The inhuman perspective shifts over the course of the game, as you gain more information about your surroundings.

Finally, the author went to great lengths to make sure that PC and player motivations were aligned. All the solutions to puzzles are things that the PC would naturally seem to do, once you are aware of their abilities. There are no ‘soup cans in the kitchen’ here, puzzles unrelated to the story and which would not be an obstacle in real life.

==Strong NPCs==

The human NPCs are very well done in this game. I wonder if the author was relying on the lessons learned from earlier games like Tenth Plague and Divis Mortise, where the NPCs were less realistic. In any case, the captain and Mercy are very vivid characters, able to display intense and complex emotions in a compelling way. Perhaps one reason for their success is that emotions often ring false in an IF game, but any falseness of emotions here can be attributed to the influence of the PC.

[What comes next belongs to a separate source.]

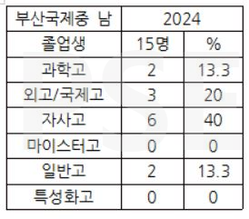 * 부산국제중 2024 남학생 졸업자 15명 가운데 기타( 외국인학교, 특수학교, 각종학교, 영재학교, 학력 인정 국외교육기관 등) 진학자 1명, 미상 1명임을 감안해서 참고하세요.

Of course, the meat monster is very memorable. In this puzzle/person, the author asks us to reevaluate some basic assumptions about our own lifestyles, makes us imagine ourselves as the PC and take action, then breaks our expectations with the results.

== Story and pacing==

The story has perfect pacing. Most games tend to be either low-intensity, slow puzzle fests (like Lost Pig or Savoir-Faire) or fast-paced story-focused games (like All Roads or Being Andrew Plotkin). Coloratura manages to be both fast-paced and puzzle-oriented. The inhuman perspective helps here, as the PC is used to very long term goals.

The game slowly builds tension and speed by having the player learn more and more about its captors and having them learn more about you, creating a more dangerous environment.


Coloratura uses a very creative protagonist to create an incredible game, with well-done NPCS, depth of implementation (which I didn’t mention but certainly is there), and a good storyline rounding everything out. If you haven’t tried this game you should.

This was the most recent game to win both ifcomp and the xyzzy awards.